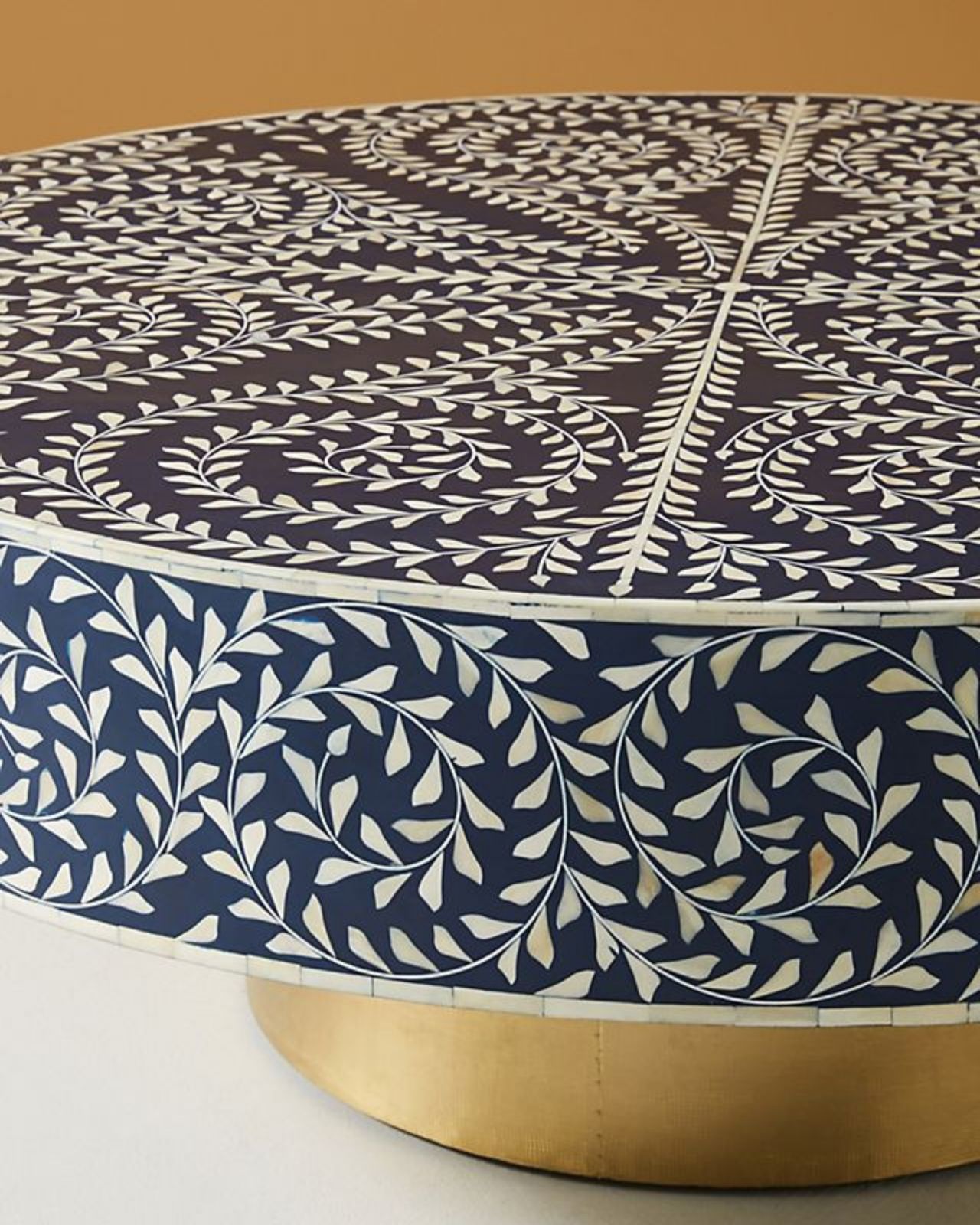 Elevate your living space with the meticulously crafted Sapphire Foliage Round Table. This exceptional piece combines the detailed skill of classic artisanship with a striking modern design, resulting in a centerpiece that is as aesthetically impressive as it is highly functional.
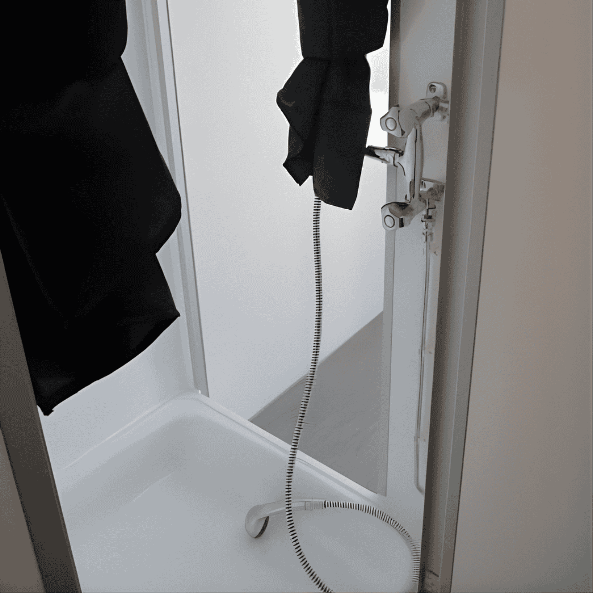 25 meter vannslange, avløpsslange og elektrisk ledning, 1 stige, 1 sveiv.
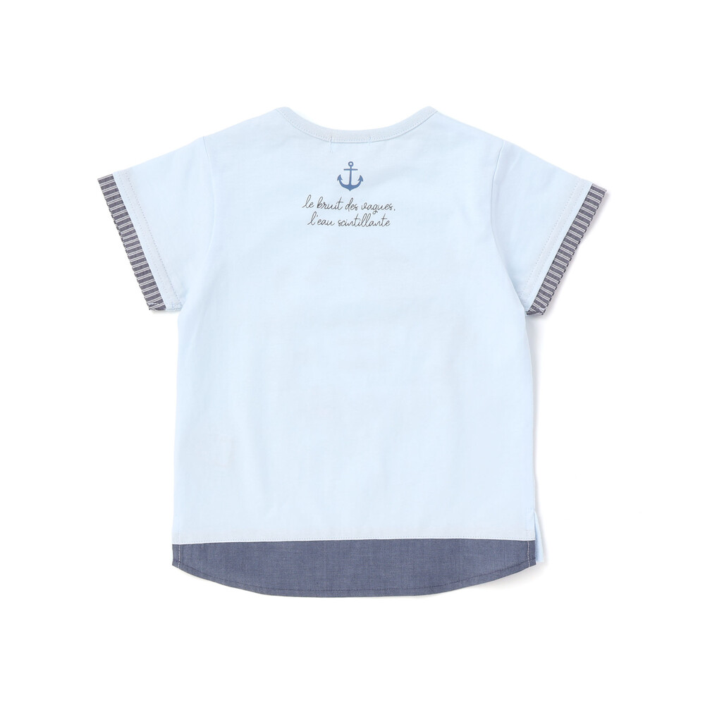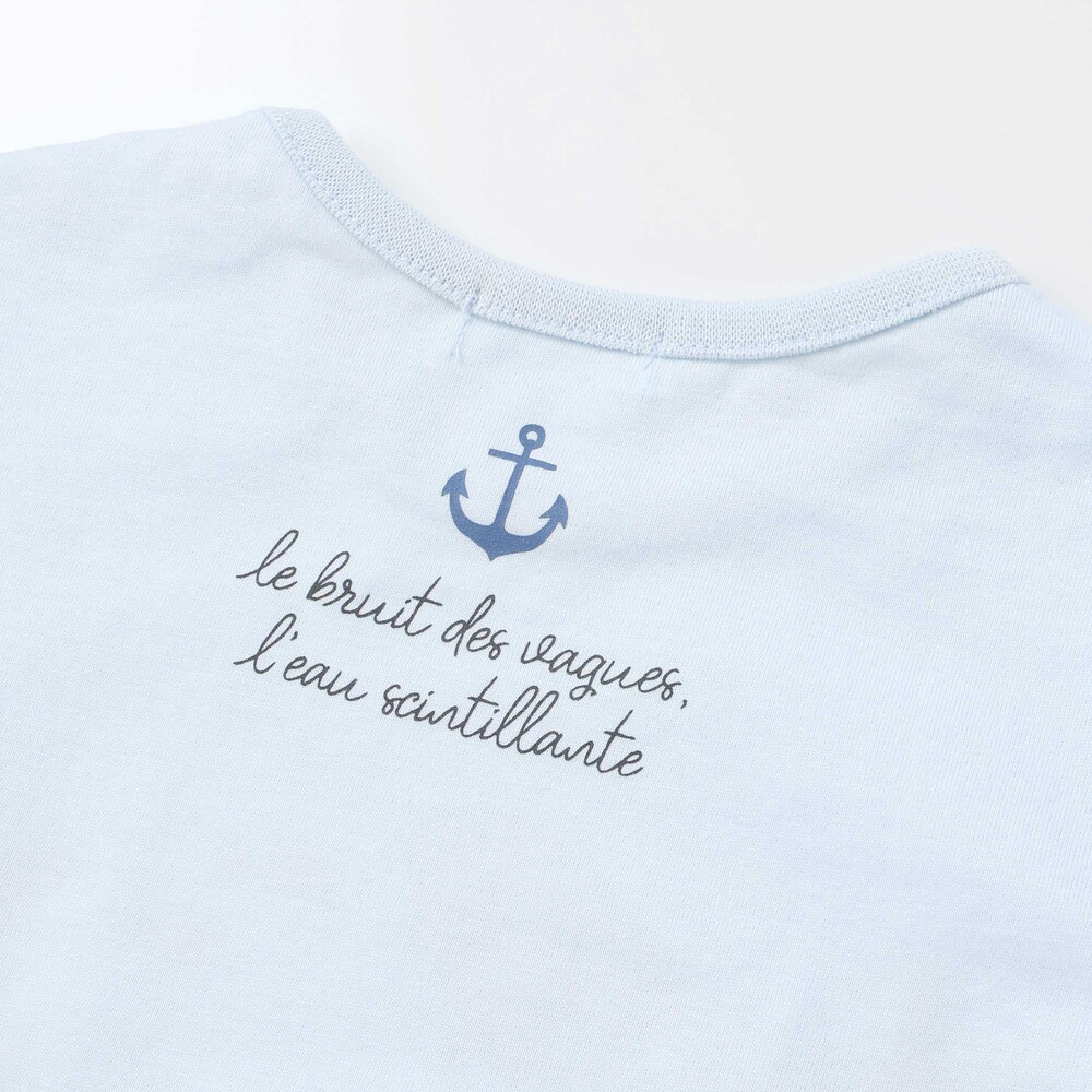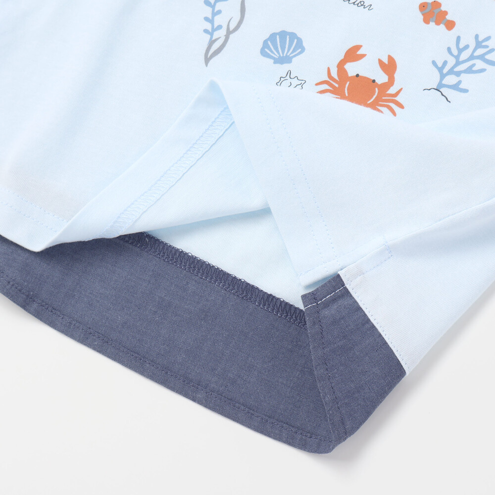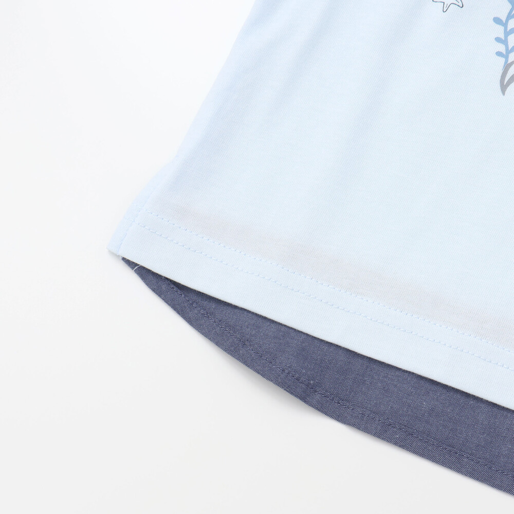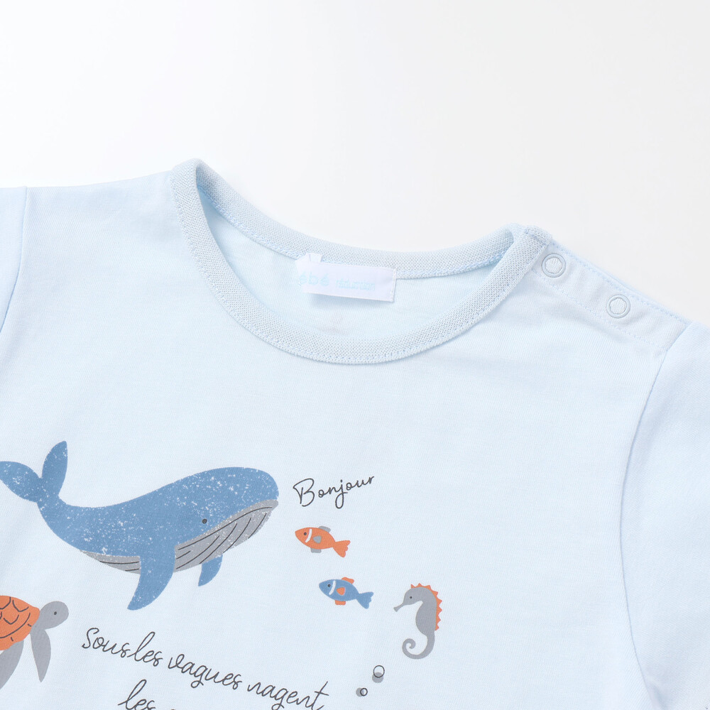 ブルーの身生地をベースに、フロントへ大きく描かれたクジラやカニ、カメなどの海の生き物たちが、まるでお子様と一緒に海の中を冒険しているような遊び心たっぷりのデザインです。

---

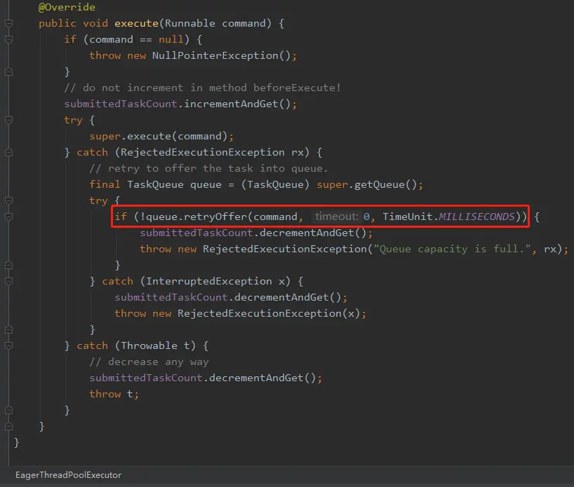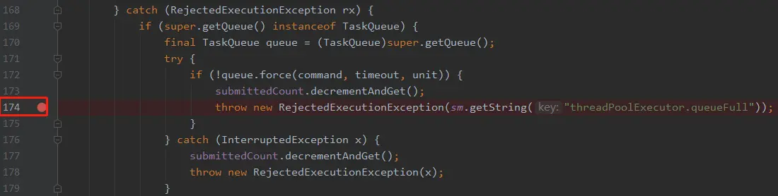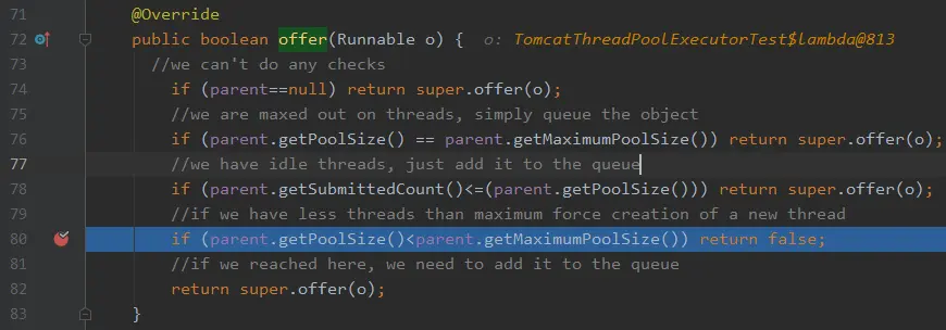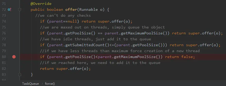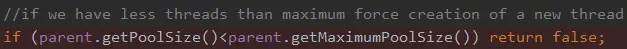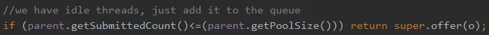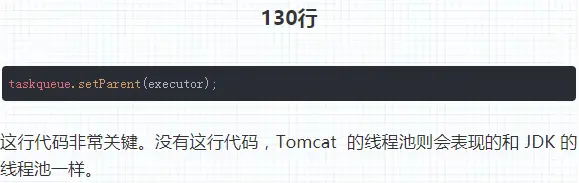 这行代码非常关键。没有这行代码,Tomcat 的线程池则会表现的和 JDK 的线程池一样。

...

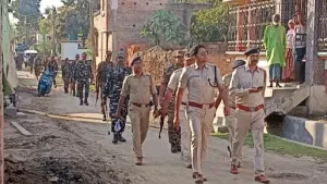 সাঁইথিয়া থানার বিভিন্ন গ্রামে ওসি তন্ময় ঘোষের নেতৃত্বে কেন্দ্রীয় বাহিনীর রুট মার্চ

= Work to be completed =
Print, word for word, the lines above that run from the line containing "Elevate your living" to the line containing "ブルーの身生地をベースに、フ", both included. Keep the pictures out.

= Response to this task =
 Elevate your living space with the meticulously crafted Sapphire Foliage Round Table. This exceptional piece combines the detailed skill of classic artisanship with a striking modern design, resulting in a centerpiece that is as aesthetically impressive as it is highly functional.
 25 meter vannslange, avløpsslange og elektrisk ledning, 1 stige, 1 sveiv.
 ブルーの身生地をベースに、フロントへ大きく描かれたクジラやカニ、カメなどの海の生き物たちが、まるでお子様と一緒に海の中を冒険しているような遊び心たっぷりのデザインです。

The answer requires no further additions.